MSD, which supplies the HPV vaccine, said: “MSD are fully committed to supplying the UK HPV programme and do not foresee supply being a barrier to restoring the school-aged immunisation programme after the Covid-19 lockdown,” it says.
“The restoration and catch-up of the HPV schools programme is critical to reducing the number of vaccine-preventable HPV infections and supporting the UK elimination of certain HPV-related cancers, starting with cervical cancer as a first step.”
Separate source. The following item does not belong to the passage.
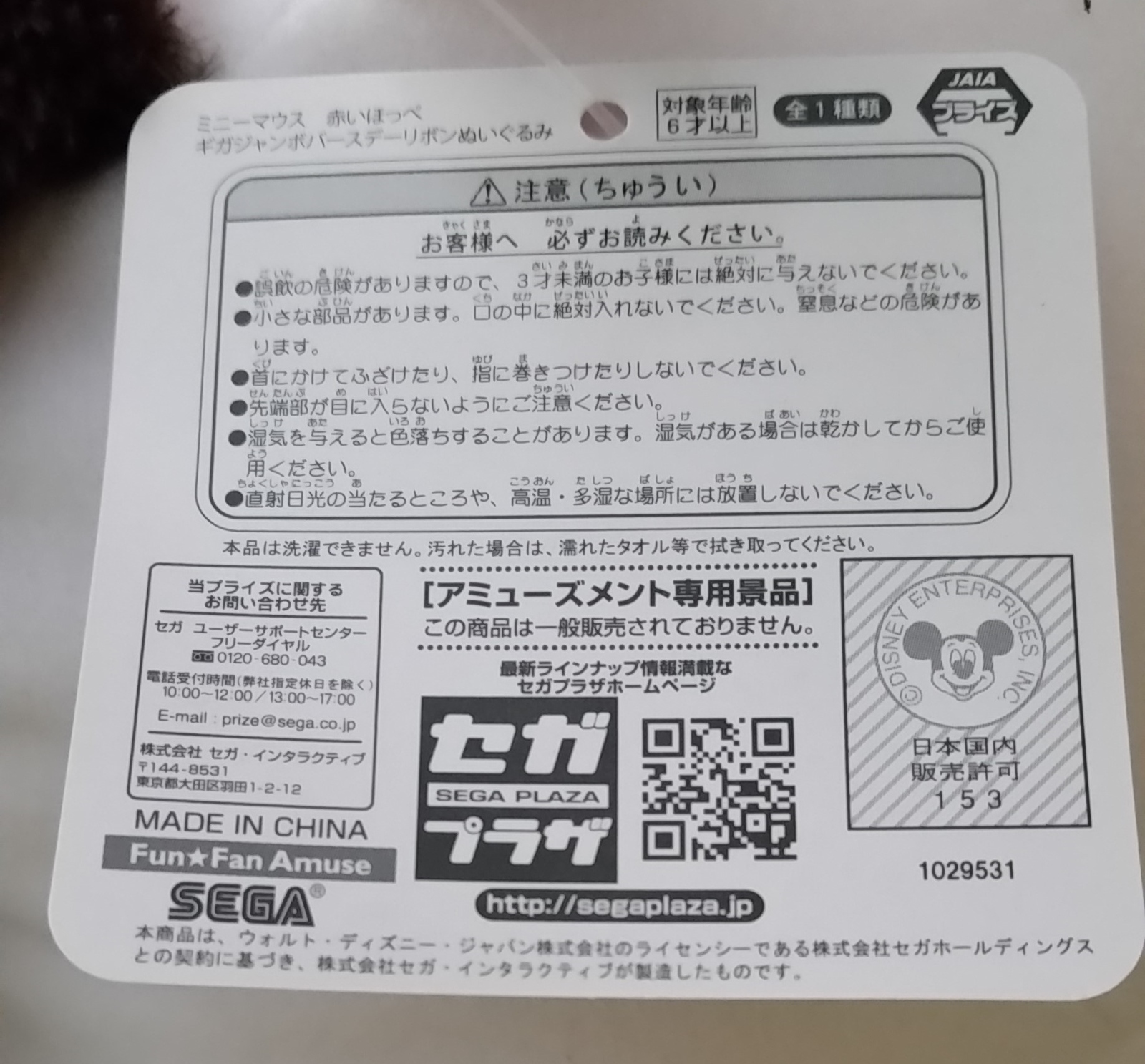 You are bidding/buying a Disney - Minnie Mouse Jumbo Red Cheeks Toreba claw machine win!

Meanwhile, Pfizer - which offers one MenACWY vaccination - says: “Pfizer has worked with the Department of Health and Social Care (DHSC) to ensure continuity of supply of Nimenrix (meningococcal groups A, C, W-135 and Y conjugate vaccine) for the MenACWY routine immunisation programme throughout the Covid-19 pandemic.”
Tes also contacted GSK and Sanofi, which supply other vaccines issued. Sanofi had not responded at the time of publication while GSK declined to comment.
The power of vaccines
However, talking about vaccinations, another issue invariably bubbles up - those who don’t believe in having vaccinations. (This issue specifically is explored in depth in the 12 March issue of Tes with regards to Covid-19 vaccinations - especially if they are, in time, offered to children).
Could there be a concern that with the news dominated by vaccinations, there may be more parents - or even pupils - who are wary of vaccinations and don’t consent to being included in any more scheduled vaccines?
Bedford says she thinks it unlikely that the new awareness among the general population around vaccines will cause any long-term issues on school-age vaccine take-up.
“I would doubt if it had a detrimental effect. We have one of the best vaccine programmes in the world and that is in part because it is given in schools. I suspect those that are already opposed to vaccinations will remain so and hesitant, and may ask more questions, but I don’t think it will affect the overall uptake.”
Preston says it could even be the case that uptake of these vaccines will increase in the future thanks to Covid.
“There’s definitely a window of opportunity, given the success of the Covid-19 vaccines, as awareness has certainly increased. I think people were getting complacent around vaccines because the threat of things like polio [covered in part by the 3-in-1 booster] is seen as so low,” he says.
“It’s low because of the vaccines, but it’s breeding complacency. But the vaccines for Covid, especially arriving when they did in December and January when things were so bad, has been a timely reminder of the power of vaccines.”